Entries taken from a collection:
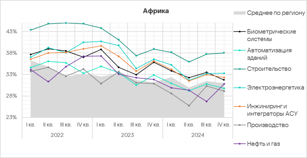 Однако в четвертом квартале 2024 года эта категория заняла более высокое место в региональных рейтингах по сравнению с глобальным (девятое место) в следующих регионах:
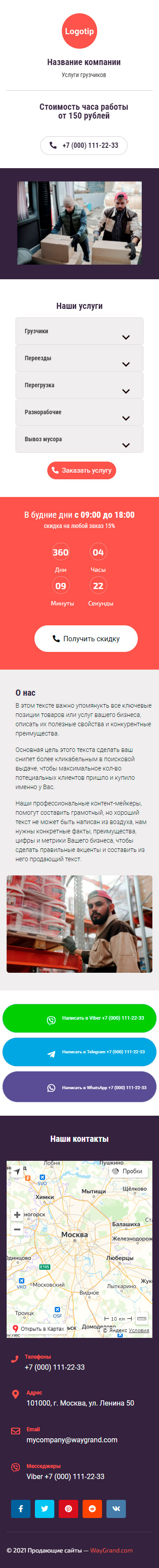 Закажите готовый продающий сайт визитка #2562101 в Элисте за 5-7 дня «под ключ»: свёрстан, отрисован и готов к рекламе. Тематика шаблона «Услуги грузчиков».
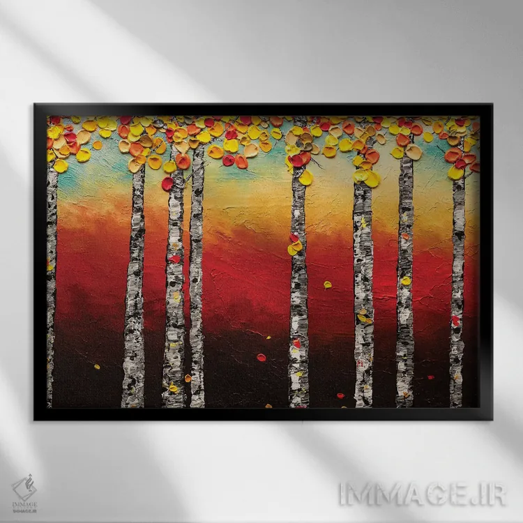 تابلو درختان غان پاییزی اثر کارمن گودز - نمای پرسپکتیو محصول
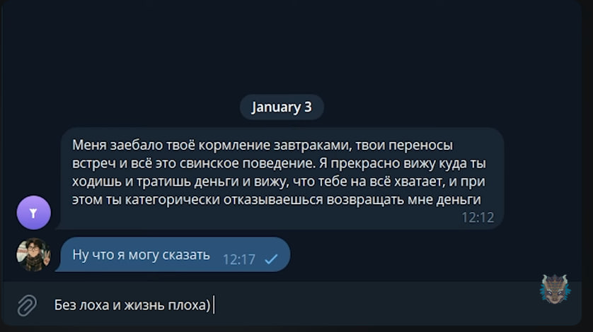 Но главный лох этой истории всё равно Зио. Он натурально дурачок, который пытается на двух стульях усидеть, но с нюансом. Пример со стульями обычно приводят, когда человек хочет получить профит с двух сторон. Зио же, судя по всему, хочет искренне примирить две враждующие стороны, ибо нормально общается и с теми, и с теми. Однако, результат у таких мувов обычно всегда один - тебя нахуй посылают и те, и те со словами "ах так ты за него а не за меня иди нахуй тогда". Это же ждёт и Зио, скорее всего - обосрут и виноватым выставят.
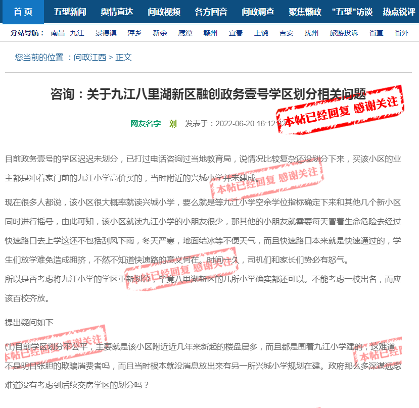 《问政江西》上也有网友对此提出了异议。
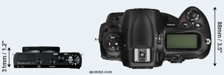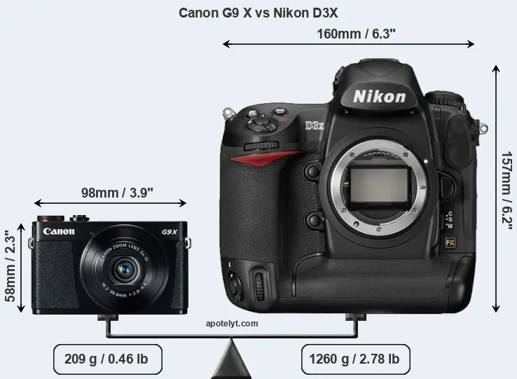 An illustration of the physical size and weight of the Canon G9 X and the Nikon D3X is provided in the side-by-side display below. The two cameras are presented according to their relative size. Three successive views from the front, the top, and the rear are shown. All width, height and depth dimensions are rounded to the nearest millimeter.
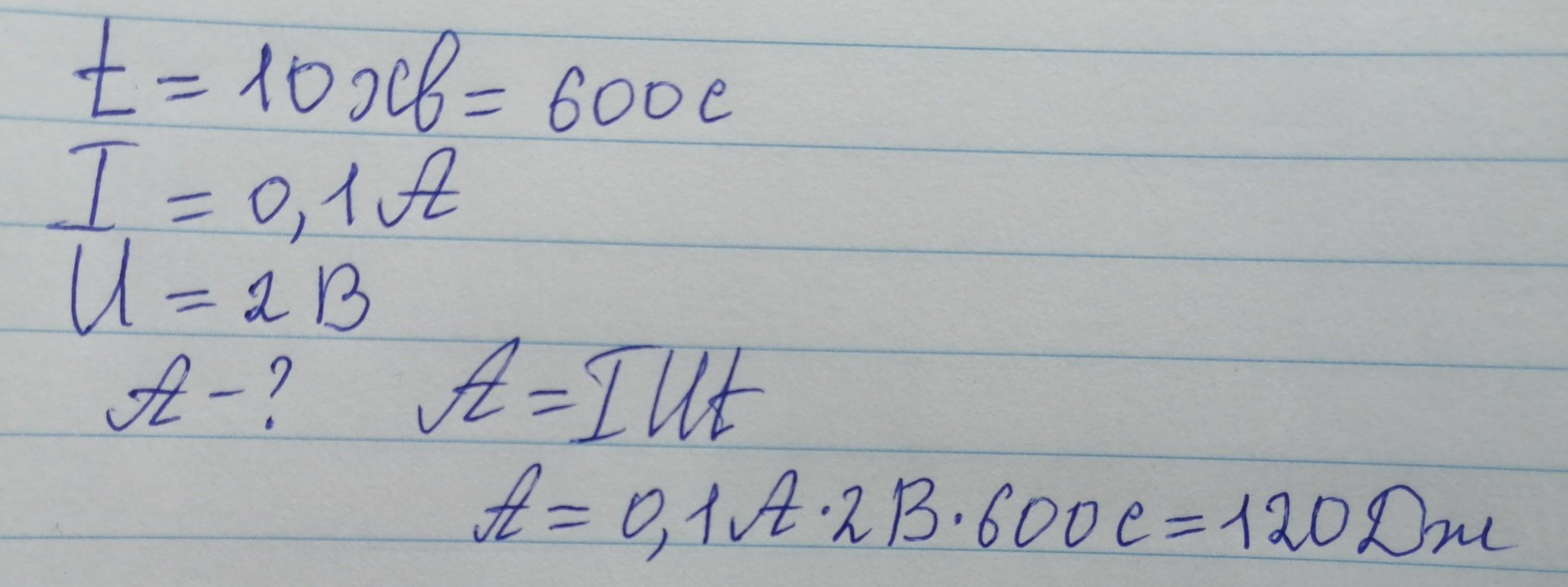 Яку роботу виконує струм у лампі протягом 10 хвилин якщо сила струму в ній 0,1 а при напрузі 2 вольта
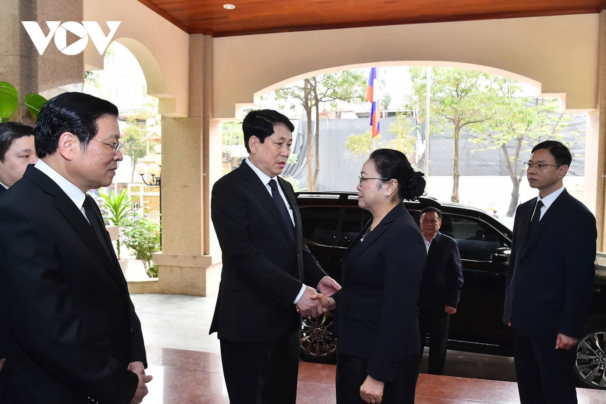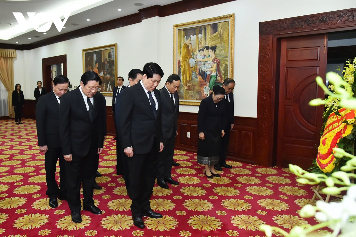 Chủ tịch nước Lương Cường và đoàn cấp cao Việt Nam viếng đồng chí Khamtay Siphandone - nguyên Chủ tịch Đảng Nhân dân Cách mạng Lào, nguyên Chủ tịch nước và nguyên Thủ tướng nước Cộng hoà Dân chủ Nhân dân Lào.
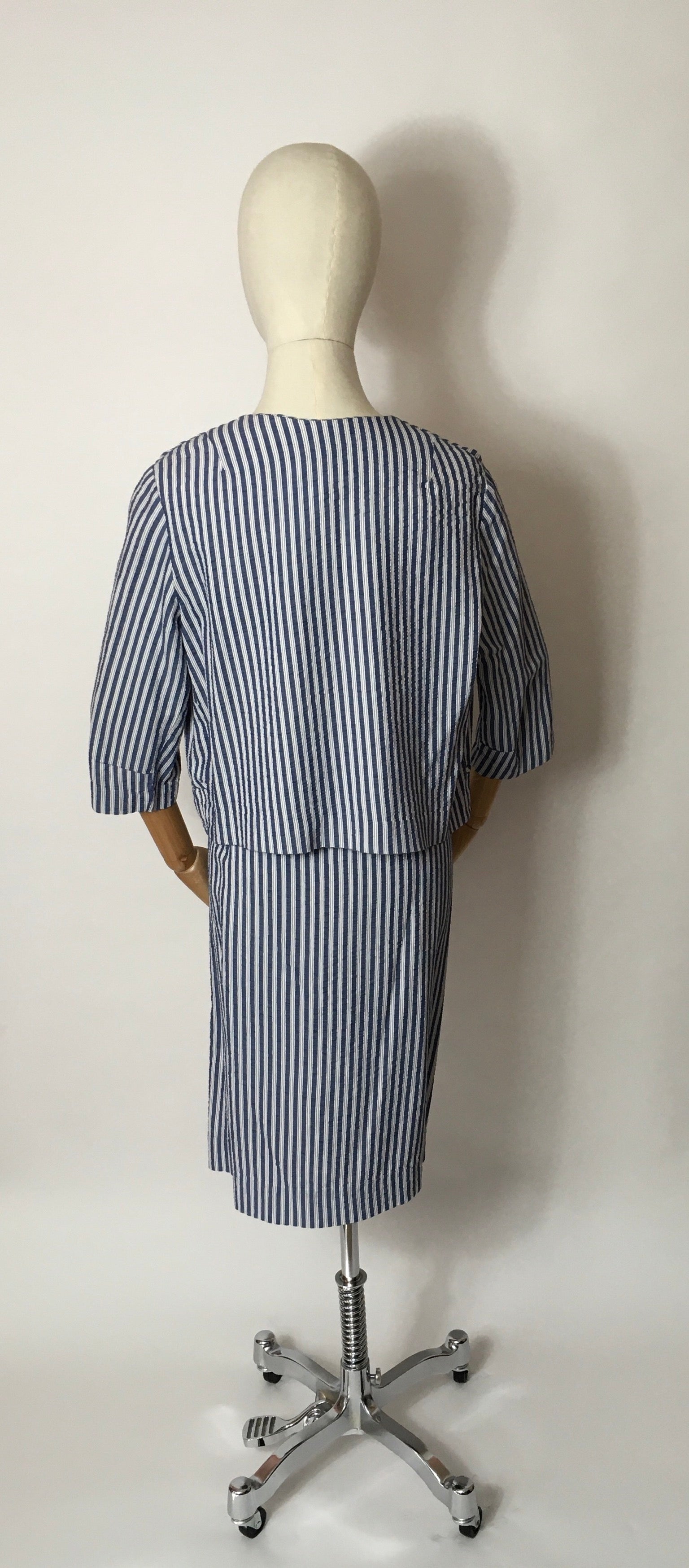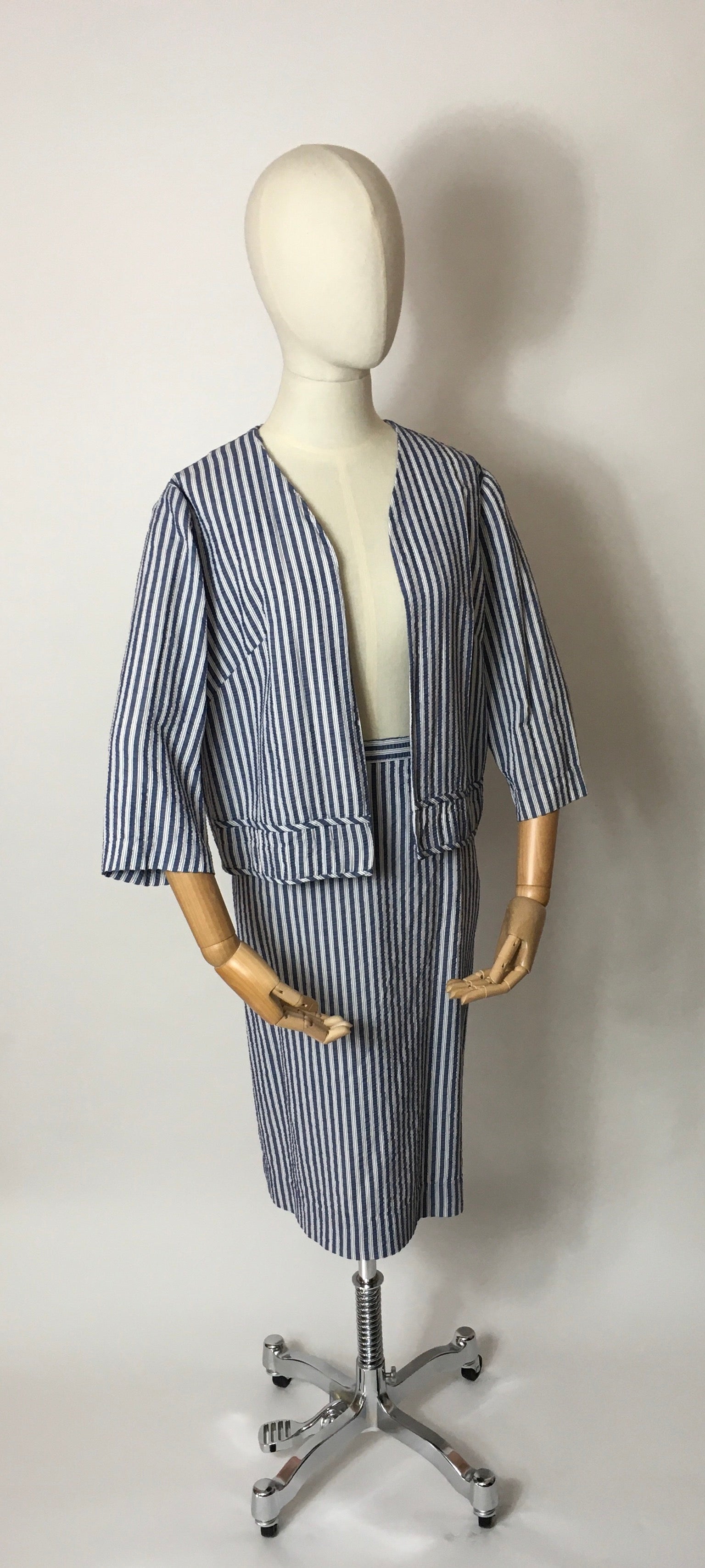 Original 1950s Summer Suit In a lovely Lightweight Seersucker fabric - Blue & White Stripes

## Exercise instructions
All that should be returned is the run of lines from the start of the entries above to the line bearing "تابلو درختان غان", each exact, with pictures omitted.

## Exercise answer
 Однако в четвертом квартале 2024 года эта категория заняла более высокое место в региональных рейтингах по сравнению с глобальным (девятое место) в следующих регионах:
 Закажите готовый продающий сайт визитка #2562101 в Элисте за 5-7 дня «под ключ»: свёрстан, отрисован и готов к рекламе. Тематика шаблона «Услуги грузчиков».
 تابلو درختان غان پاییزی اثر کارمن گودز - نمای پرسپکتیو محصول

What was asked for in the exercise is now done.